2000年に児童虐待防止法が、その翌年にDV法が成立し、紆余曲折を経ての高齢者虐待防止法成立となった。これで、日本も虐待防止に関する3法が揃ったことになる。
日本の高齢者虐待防止法は、アメリカのそれとは違い「懲罰的な意味合い」ではなく、「福祉的な性格」が強い。「虐待の意図」にかかわらず、高齢者(被虐待者)および養護者(虐待者)双方への支援がうたわれていることが特徴である。
「介護殺人」は、高齢者介護の身体的な負担だけでなく、家族の人間関係の複雑さが加わると、介護家族は孤立状態に追い込まれるために起こるとされている。虐待の要因には、要介護度のレベルや年齢などはあまり関係していないが、認知症や経済状況が大きく関係している。認知症や寝たきり状態の介護負担に加え、それまで積み重ねてきた親子・夫婦・親族などの人間関係、介護費用や財産の経済問題が複雑に絡み合ったとき、高齢者や介護者は親族や地域社会かわも孤立し、虐待は深刻な状態に陥ってしまうのが、日本の高齢者虐待の特徴である。
ちなみに、アメリカと比較した場合、日本のように実際の介護者に「嫁」がなることはほとんどなく、また、虐待の種類としては「経済的虐待」が最も多い。スウェーデンでは「心理的虐待」が多く、日本のように、過重な介護負担が虐待の原因となる例は少ない。

虐待発見には、現場の「気づき」が大きな割合を占めている。最近では、医療機関により虐待が発見されるケースも増えてきている。これは、医療関係者の関心が高まっていることを裏付けることにもなる。
しかし、現場のスタッフもケースの援助において必要な基本的理解と知識がなければ発見しても、適切な対応を迅速にとることは不可能である。
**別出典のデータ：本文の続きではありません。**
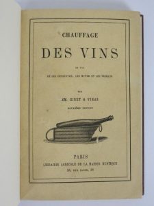 GIRET et VINAS: Chauffage des vins en vue de les conserver, les muter et les vieillir. Maison Rustique, s.d. In-12 bradel de toile marron moderne couv. Imp. (doublée) cons. (légères rouss.) Seconde édition.
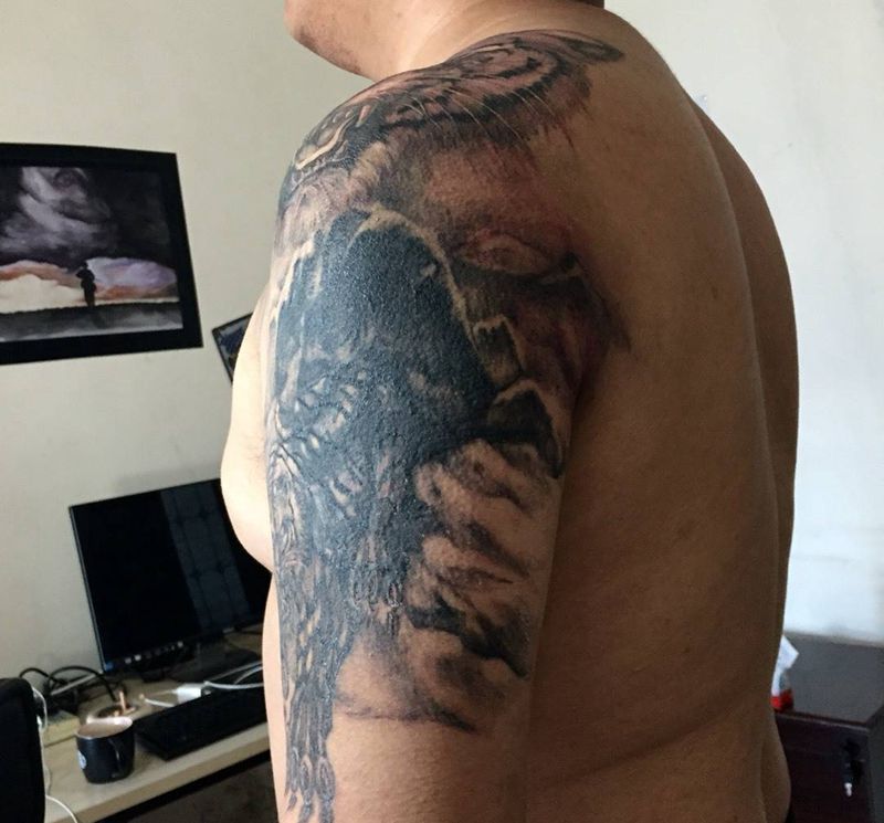 • 纹身吧推荐的披肩图腾半胛纹身图案作品展示
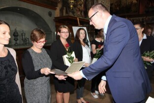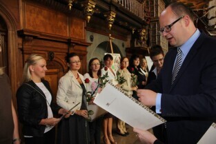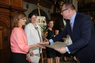 Gdańsk, Dwór Artusa. Prezydent Gdańska Paweł Adamowicz wręczył gdańskim nauczycielom akty nadania tytułu nauczyciela mianowanego.
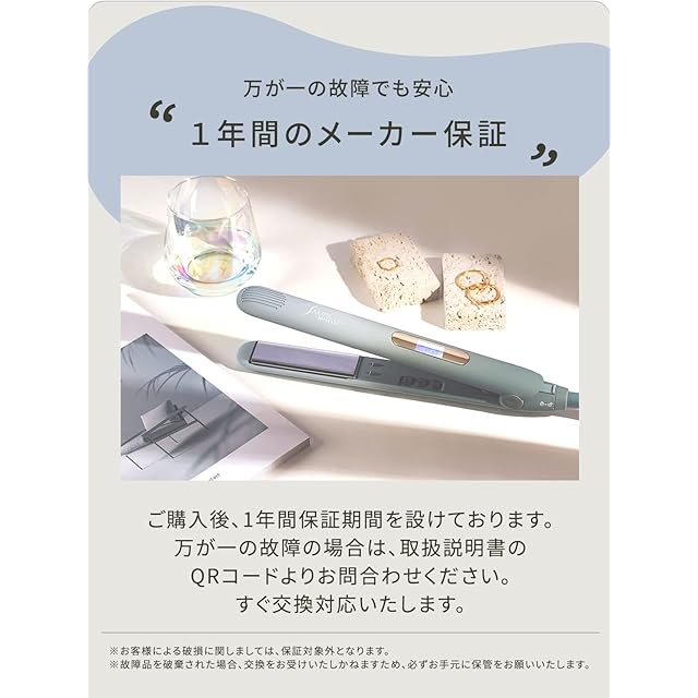 ✅【マイナスイオン 発生器搭載】高密度マイナスイオン発生器を搭載しているので、髪のダメージを抑えながら ストレート カール スタイル にすることができる 髪が 痛みくい コテ アイロン です。痛まないヘアアイロン をお探しの方に◎ ※電源を入れた際にジーっと音がする場合がございますが、これはマイナスイオン発生器の音ですので不良ではございません。
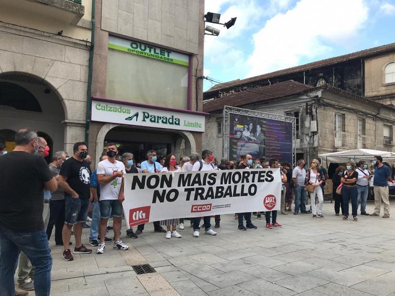 As centrais sindicais CIG, CCOO e UGT desenvolveron hoxe protesta conxunta no Porriño para denunciar a quinta morte en accidente de traballo no que vai de ano na comarca. Coa concentración celebrada ao mediodía diante do Concello reclaman máis seguridade e alertan sobre a precariedade laboral que está detrás deste tipo de sucesos.

また、市町村や地域包括支援センターを中心とした高齢者虐待防止のネットワーク作りも不可欠である。高齢者虐待防止法と同時に改正された介護保険においては、高齢者虐待防止の中心に地域包括支援センターが位置づけられた。問題解決には、〇業者レベル、区市町村レベル、E堝刺楔レベルの3段階があるという。高齢者虐待においては、行政が高齢者ケアシステムのしくみづくりの要である。そのため、行政が果たすべき役割は非常に大きい。
もちろん、医療機関や介護施設も在宅とのネットワーク作りを図ることが重要である。DVは数十年後には高齢者虐待へと移行する可能性のある事例と言っても過言ではない。病院での高齢者の状態把握は早期の虐待発見に繋がる、大変重要な手がかりとなる。また、保健医療福祉の関係者だけでなく、警察や法律問題の専門家の関わりもネットワークに欠かせない。こうして、他職種、多方面の専門家が関わることで、早期の発見と問題解決に繋げられるのである。
高齢者虐待防止法を実効あるものとするためには、市町村を中心とした機関や職種を超えた支援ネットワーク作りの推進が緊急の課題と言える。